More than a prevailing litigant, Givhan will forever be remembered as a part of First Amendment history. The principles from the Givhan case remain important in 2006. For many years, Givhan was cited for the principle that speech about racial discrimination is a matter of public concern that at least invites First Amendment review.
Before the U.S. Supreme Court’s recent public employee free-speech decision in Garcetti v. Ceballos, First Amendment expert Robert O’Neil, founder of the Thomas Jefferson Center for the Protection of Free Expression, said that “Givhan will be an important precedent” for the decision.
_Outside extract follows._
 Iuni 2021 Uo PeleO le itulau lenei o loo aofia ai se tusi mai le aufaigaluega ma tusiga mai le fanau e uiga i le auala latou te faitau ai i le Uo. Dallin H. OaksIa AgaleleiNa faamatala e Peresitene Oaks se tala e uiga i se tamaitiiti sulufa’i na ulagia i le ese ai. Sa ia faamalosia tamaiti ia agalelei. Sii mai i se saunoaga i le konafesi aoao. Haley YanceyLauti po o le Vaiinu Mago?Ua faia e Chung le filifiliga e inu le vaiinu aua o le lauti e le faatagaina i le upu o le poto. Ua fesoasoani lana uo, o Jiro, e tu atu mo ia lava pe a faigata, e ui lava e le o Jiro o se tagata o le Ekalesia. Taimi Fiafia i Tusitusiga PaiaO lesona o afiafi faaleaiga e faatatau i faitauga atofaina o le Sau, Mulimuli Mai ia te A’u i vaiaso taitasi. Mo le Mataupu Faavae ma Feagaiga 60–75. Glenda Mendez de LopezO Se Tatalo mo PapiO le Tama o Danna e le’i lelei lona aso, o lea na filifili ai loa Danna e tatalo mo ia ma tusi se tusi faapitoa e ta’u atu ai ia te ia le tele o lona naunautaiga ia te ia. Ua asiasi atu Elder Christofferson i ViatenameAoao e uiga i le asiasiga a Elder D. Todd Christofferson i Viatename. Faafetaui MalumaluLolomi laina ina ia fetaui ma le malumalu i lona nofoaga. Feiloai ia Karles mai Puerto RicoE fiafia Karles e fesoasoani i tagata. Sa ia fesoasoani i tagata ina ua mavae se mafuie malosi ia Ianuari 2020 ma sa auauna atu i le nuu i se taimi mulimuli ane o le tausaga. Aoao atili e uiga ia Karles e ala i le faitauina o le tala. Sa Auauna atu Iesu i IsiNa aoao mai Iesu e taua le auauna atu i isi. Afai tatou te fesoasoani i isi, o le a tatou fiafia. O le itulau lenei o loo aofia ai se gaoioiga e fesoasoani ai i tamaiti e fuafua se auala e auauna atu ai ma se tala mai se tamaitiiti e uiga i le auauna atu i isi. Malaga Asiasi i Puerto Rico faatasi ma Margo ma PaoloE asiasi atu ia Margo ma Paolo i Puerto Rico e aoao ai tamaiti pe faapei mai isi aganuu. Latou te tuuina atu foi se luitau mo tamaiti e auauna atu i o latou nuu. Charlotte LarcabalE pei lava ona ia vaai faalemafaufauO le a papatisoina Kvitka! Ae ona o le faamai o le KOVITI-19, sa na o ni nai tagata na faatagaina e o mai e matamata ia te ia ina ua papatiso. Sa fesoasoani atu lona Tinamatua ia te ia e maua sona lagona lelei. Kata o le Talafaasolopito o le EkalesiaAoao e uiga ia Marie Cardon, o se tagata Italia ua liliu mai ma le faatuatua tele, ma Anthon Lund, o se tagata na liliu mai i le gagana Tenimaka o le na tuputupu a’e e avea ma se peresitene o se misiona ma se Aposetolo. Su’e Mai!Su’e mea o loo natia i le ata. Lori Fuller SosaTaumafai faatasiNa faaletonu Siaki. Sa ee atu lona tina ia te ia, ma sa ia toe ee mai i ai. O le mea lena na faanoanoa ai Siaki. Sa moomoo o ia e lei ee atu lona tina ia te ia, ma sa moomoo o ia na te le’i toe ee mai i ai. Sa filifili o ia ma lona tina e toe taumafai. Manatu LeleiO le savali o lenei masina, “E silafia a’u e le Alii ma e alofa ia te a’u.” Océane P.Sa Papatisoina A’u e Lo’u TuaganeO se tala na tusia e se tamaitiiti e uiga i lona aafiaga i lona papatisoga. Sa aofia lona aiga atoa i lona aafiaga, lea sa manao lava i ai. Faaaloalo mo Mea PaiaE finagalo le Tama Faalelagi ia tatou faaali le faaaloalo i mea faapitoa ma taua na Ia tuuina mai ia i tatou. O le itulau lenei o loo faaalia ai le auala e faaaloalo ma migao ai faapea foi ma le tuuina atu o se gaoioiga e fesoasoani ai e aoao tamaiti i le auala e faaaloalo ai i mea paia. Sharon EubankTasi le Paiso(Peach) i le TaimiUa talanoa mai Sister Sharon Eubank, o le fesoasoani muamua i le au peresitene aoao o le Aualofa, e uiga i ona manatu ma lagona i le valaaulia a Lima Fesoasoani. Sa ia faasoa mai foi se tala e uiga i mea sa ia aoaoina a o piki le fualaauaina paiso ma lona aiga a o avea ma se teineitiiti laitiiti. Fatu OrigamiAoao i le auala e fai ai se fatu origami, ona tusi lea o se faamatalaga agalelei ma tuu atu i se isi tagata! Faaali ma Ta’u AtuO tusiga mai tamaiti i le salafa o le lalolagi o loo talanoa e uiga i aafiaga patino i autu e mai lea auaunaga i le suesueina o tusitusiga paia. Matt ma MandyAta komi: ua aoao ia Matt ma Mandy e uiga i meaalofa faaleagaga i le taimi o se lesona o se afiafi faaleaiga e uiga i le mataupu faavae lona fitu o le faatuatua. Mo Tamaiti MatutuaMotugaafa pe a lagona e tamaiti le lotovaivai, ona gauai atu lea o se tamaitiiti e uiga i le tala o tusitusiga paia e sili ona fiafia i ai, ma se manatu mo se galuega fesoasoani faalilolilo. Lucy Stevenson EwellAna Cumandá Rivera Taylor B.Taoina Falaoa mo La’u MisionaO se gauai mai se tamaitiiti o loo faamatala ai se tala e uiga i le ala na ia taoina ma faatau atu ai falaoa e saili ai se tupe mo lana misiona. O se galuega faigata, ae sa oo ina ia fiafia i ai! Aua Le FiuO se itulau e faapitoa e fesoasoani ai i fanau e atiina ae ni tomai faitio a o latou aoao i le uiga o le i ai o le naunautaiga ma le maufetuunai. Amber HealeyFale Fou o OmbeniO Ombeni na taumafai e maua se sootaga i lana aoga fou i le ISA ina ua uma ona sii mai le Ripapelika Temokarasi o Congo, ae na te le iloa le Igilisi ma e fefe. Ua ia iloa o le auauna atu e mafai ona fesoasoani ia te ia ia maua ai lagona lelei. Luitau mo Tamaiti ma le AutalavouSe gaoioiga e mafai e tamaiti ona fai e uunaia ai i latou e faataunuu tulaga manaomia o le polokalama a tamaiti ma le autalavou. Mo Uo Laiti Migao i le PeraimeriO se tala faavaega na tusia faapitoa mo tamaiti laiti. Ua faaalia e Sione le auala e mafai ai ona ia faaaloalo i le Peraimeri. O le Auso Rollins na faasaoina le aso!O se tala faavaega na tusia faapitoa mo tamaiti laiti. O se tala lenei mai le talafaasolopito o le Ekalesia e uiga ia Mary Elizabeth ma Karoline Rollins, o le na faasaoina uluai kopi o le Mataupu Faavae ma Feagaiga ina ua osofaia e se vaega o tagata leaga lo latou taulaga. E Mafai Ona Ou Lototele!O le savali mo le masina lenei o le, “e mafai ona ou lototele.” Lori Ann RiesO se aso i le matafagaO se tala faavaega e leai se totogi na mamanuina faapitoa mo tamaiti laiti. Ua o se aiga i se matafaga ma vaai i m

In Garcetti, the U.S. Supreme Court determined that public employees do not have First Amendment protection for “statements made pursuant to their official duties.” But the majority in Garcetti did not overrule Givhan; instead, they distinguished it, or compared and contrasted it, with Garcetti. Citing Givhan twice, Justice Anthony Kennedy wrote: “Employees in some instances may receive First Amendment protection for expressions made at work. … The First Amendment protects some expressions related to the speaker’s job.”
Justices John Paul Stevens and David Souter also cited Givhan in their dissenting opinions. “We had no difficulty recognizing that the First Amendment applied when Bessie Givhan, an English teacher, raised concerns about the school’s racist employment practices to the principal,” Stevens wrote.
Souter cited Givhan at least four times in his dissent.
Although Garcetti v. Ceballos was a defeat for public employees, Givhan stands as a vital precedent ensuring that not all public employees lose constitutional protection when they speak out against injustices at work.
To the extent that public employees still possess First Amendment rights, they all owe a debt of gratitude to Bessie B. Givhan, who had the courage to speak out against racial discrimination more than 35 years ago.